Most immigrants to Alaska didn’t go there to make the world better; they went there to escape it. For those of us old enough to remember, the fringe that Palin personifies recalls an earlier fringe forty years ago: the hippies. Except for the fundamentalist religion and right-wing ideology, it’s all the same: the narcissism, the escapism, the boundless ignorance, the unfounded moral superiority, the lack of discipline, the irresponsibility—even saddling kids with odd names that will haunt them the rest of their lives. If you visited San Francisco’s infamous Haight-Ashbury District in the sixties, you’ve seen it all before.

Palinites are hippies with Bibles and guns. If history runs true, they’ll lead the Republicans over the same political cliff and into the same forty-year political wilderness as the hippies led the Democrats two generations ago.

Conservatives, indeed! True conservatives, from Alexander Hamilton to Teddy Roosevelt, would convulse with laughter or terror at the thought of Palin in the White House. Probably even Barry Goldwater would. (Reagan the Actor I’m not so sure about. He cut his teeth on show business, and he wasn’t very bright.)

If you want to see a woman who has lived conservative values, look at someone else much in the news lately: Judge Sonia Sotomayor. Raised in a housing project by a single mother, she kept her eye on the ball.
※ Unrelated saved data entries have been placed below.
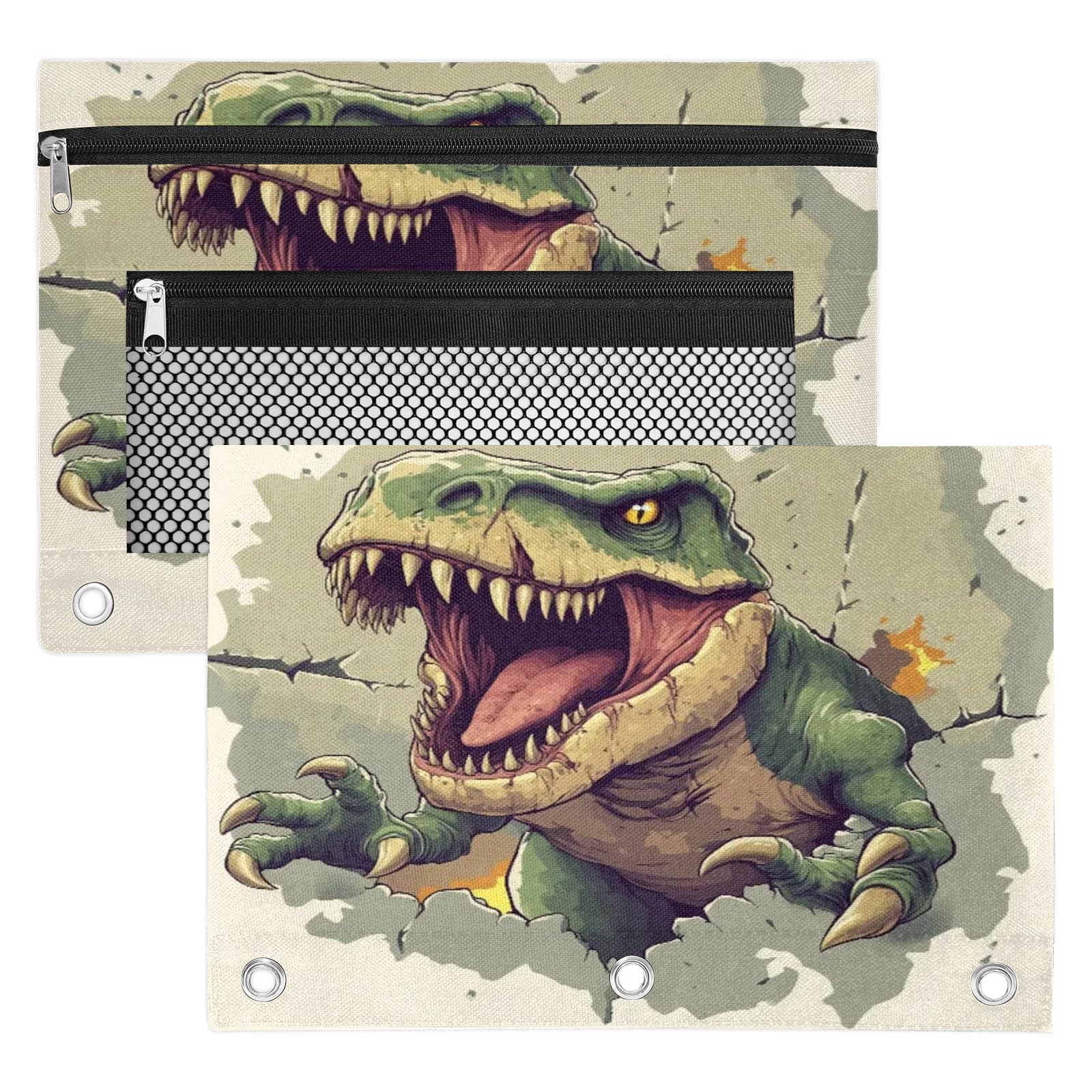 Gumuslen Animal Dinosaur Pencil Pouch for 3 Ring Binder Fire Wall Hole Pencil Case Bag with Clear Window Zipper Pockets for Kids Girls Boys Students|Office Supplies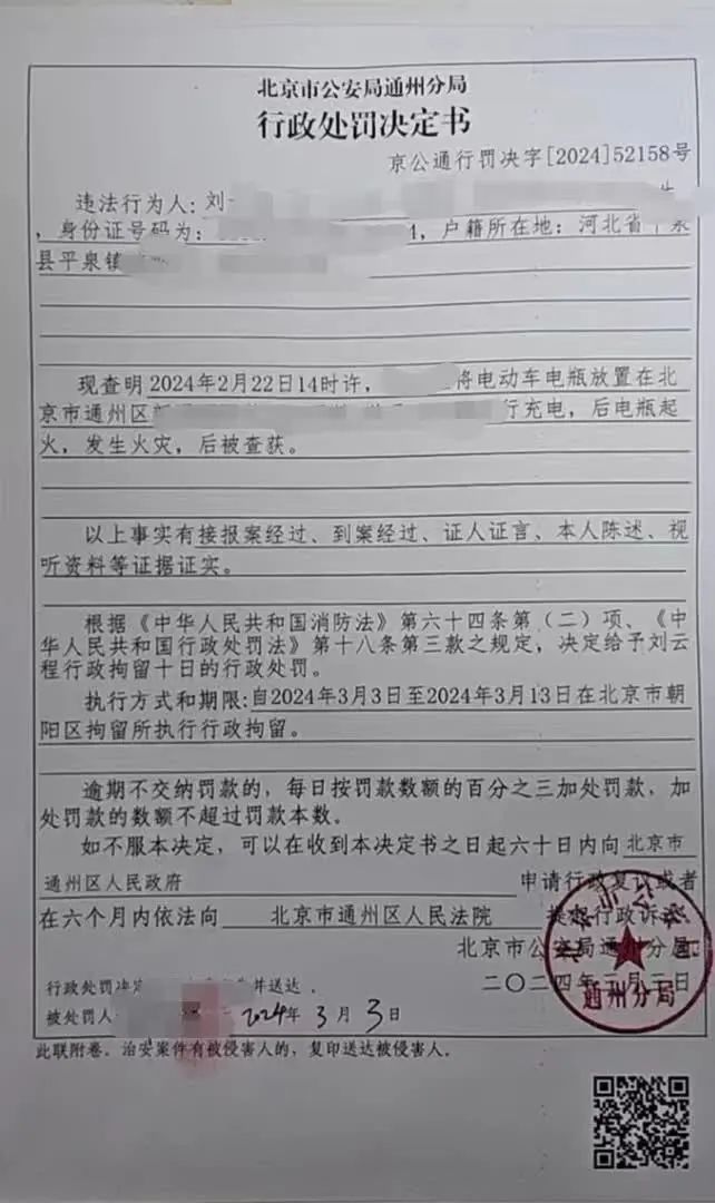 3月12日,北京日报(ID:Beijing_Daily)记者从北京市消防救援总队了解到这起电动自行车火灾的处理结果,当事人被处以行政拘留10日的处罚。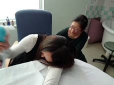 ・新生児へのオイルマッサージを実践しながら教えてもらえた。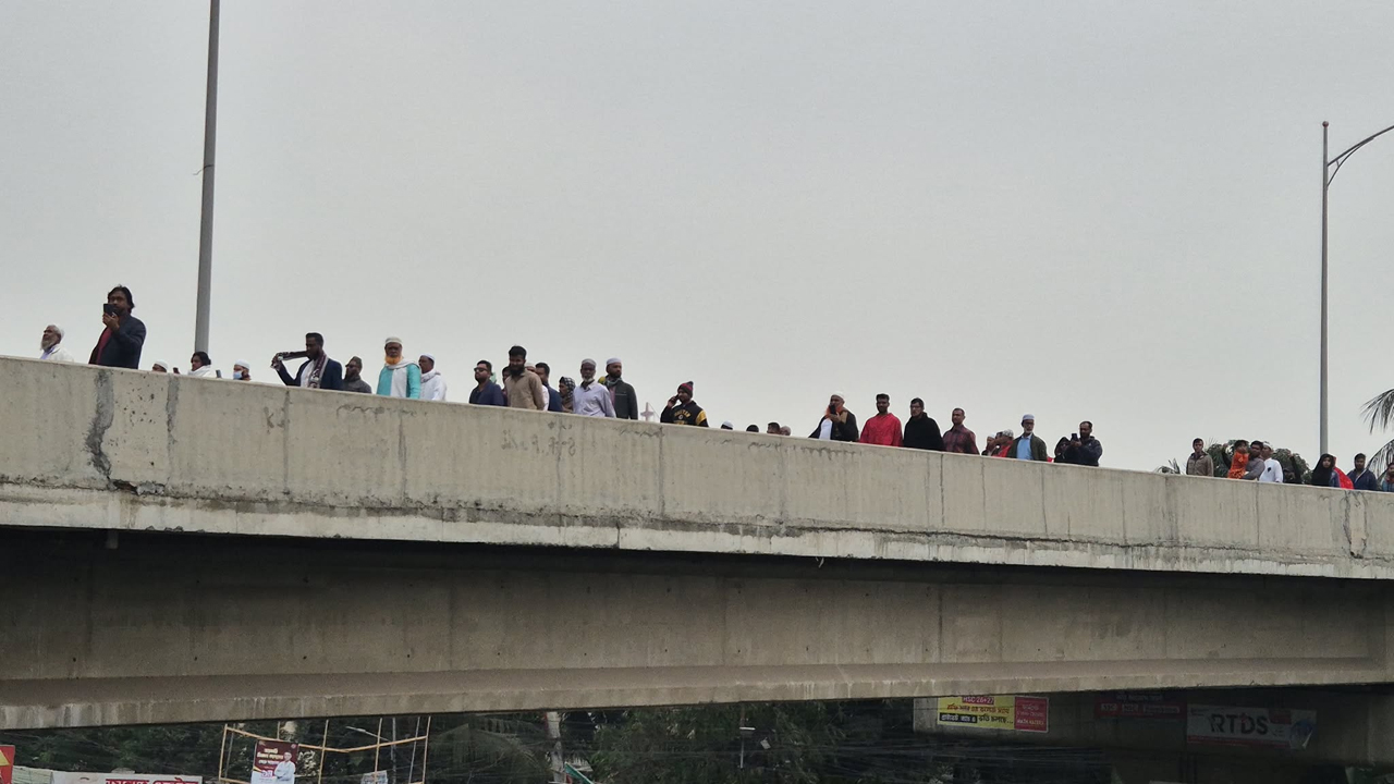 এলিভেটেড এক্সপ্রেসওয়ে দিয়ে হেঁটে আসছেন মানুষ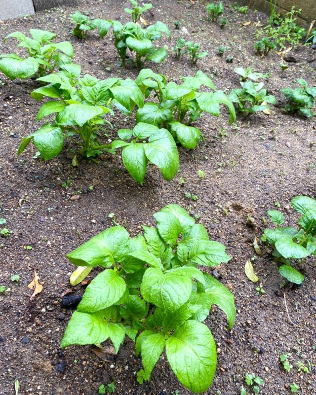 いやはや。成長の早さにびっくり。ふと見ると、ジャガイモやニンジンも「えっ、昨日からもうこんなに?」くらい、日に日に大きくなっている。その横で2ヶ月間、全く動きを見せなかった
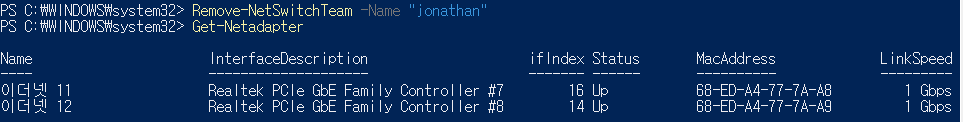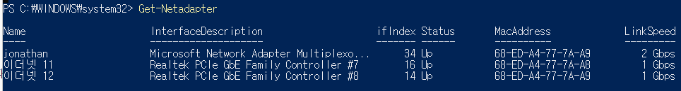 동일하게 Get-Netadapter을 검색하시면 jonathan이 잡힌게 보이시죠?

She excelled in school, got herself into Princeton and Yale Law (the nation’s most selective law school), got experience in prosecution, corporate law, and civil rights and only then took a seat on the bench.

Unlike Palin, Sotomayor paid her dues. She delayed gratification for decades of serious study, hard work, patience and discipline. She didn’t look for glory in a single year.
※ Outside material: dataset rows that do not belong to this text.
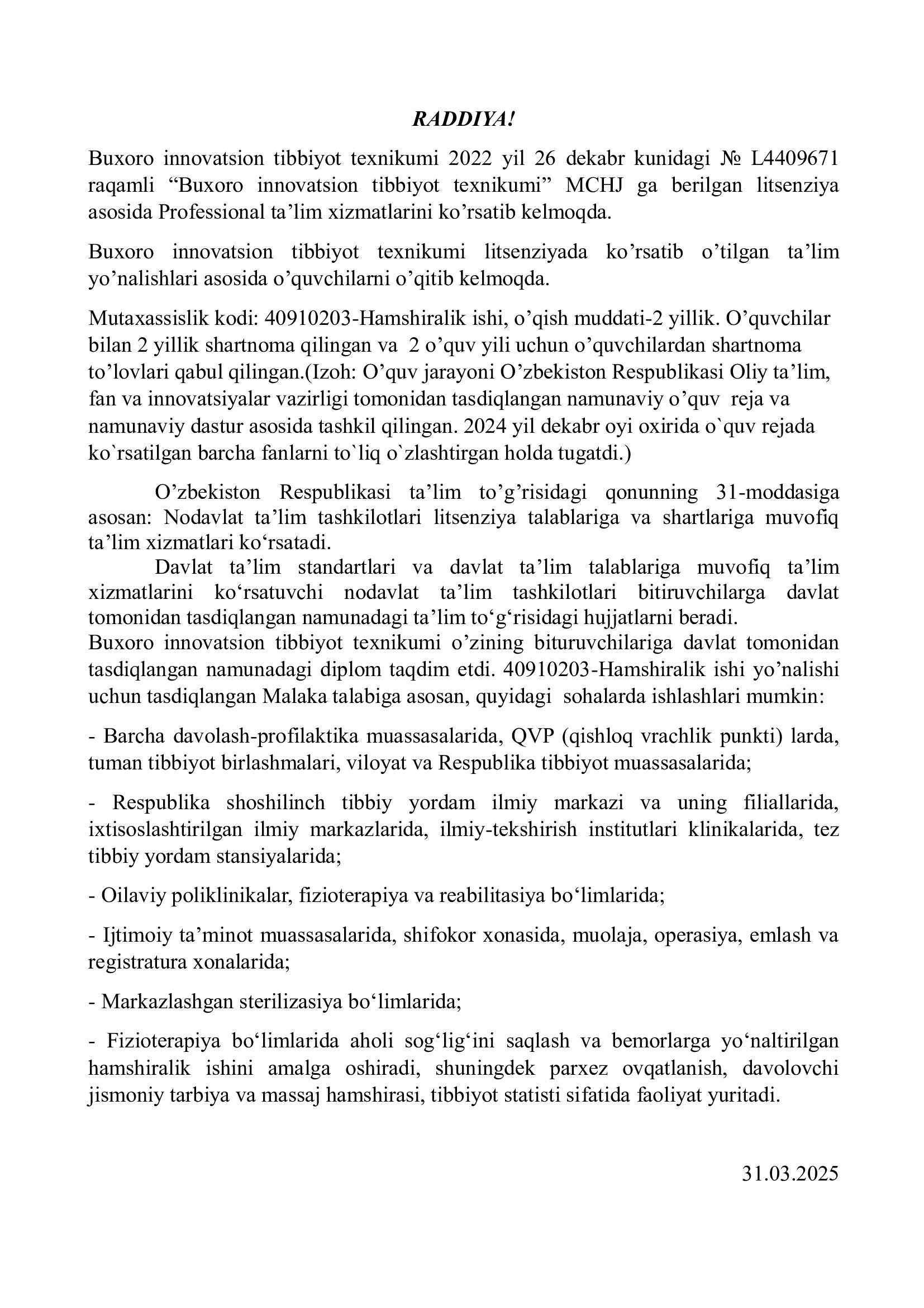 Buxoro Innovatsion tibbiyot texnikumida mavjud yo'nalishlar .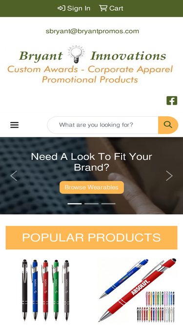 this site displays promotional products, apparel, and awards. products to be engraved, embroidered, or screenprinted.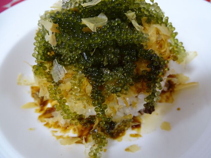 ぷちぷちがたまんない、海葡萄が温まる前に・・・・掻き込んで胃の中へ!!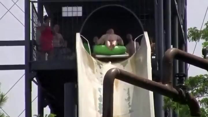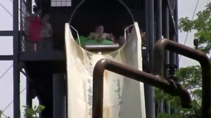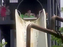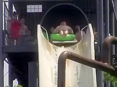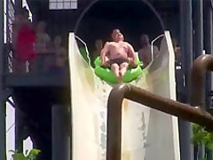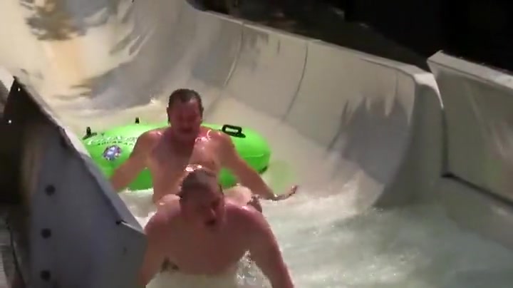 Two guys on a tube get some air and almost fly off the slide.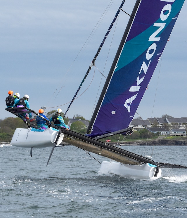 On Friday, the duo got to meet team AkzoNobel and take part in the Pro-Am M32 catamaran race in the harbor. Jim and Eric teamed up with team AkzoNobel helmsman Luke Molloy in an exciting race, coming in third overall!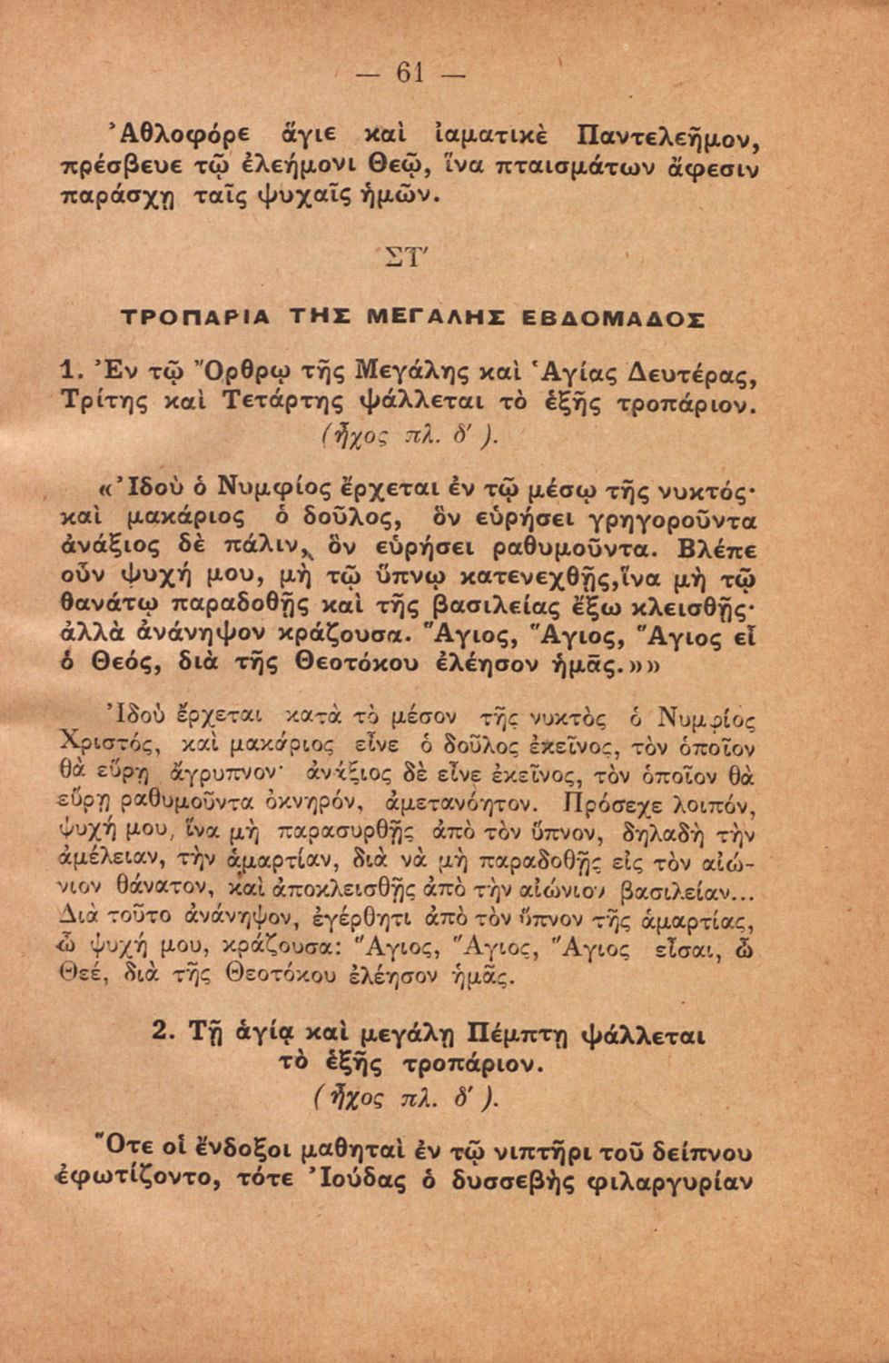 Παρουσίαση περιεχομένου: Σχολικό εγχειρίδιο Θρησκευτικών για τα Ελληνικά Σχολεία και Παρθεναγωγεία που αποτελεί μια ερμηνευτική ανάλυση των απολυτικίων των Αγίων και των τροπαρίων της Μεγάλης Εβδομάδας.

Judge Sotomayor has gotten lots of flack for her “wise Latina woman” remark. But I think I know what was on her mind when she made it. When she first went to Princeton, it was mostly male and lily white. She was all alone and alienated, feeling the homesickness and insecurity that every freshman feels. But there was a difference: there was no one like her on campus to share her stories and her pain.

No doubt she called home and friends tearfully may times during that tough first year. I’ll bet dollars to donuts some wise Latina woman—probably her mother—told her, “Stick with it, kid! Don’t quit! Make something of yourself!”

Anyone one who’d prefer Palin as a role model to Sotomayor is smoking something awfully strong. Maybe that’s being “conservative” today, but it’s not what the word meant when I was growing up.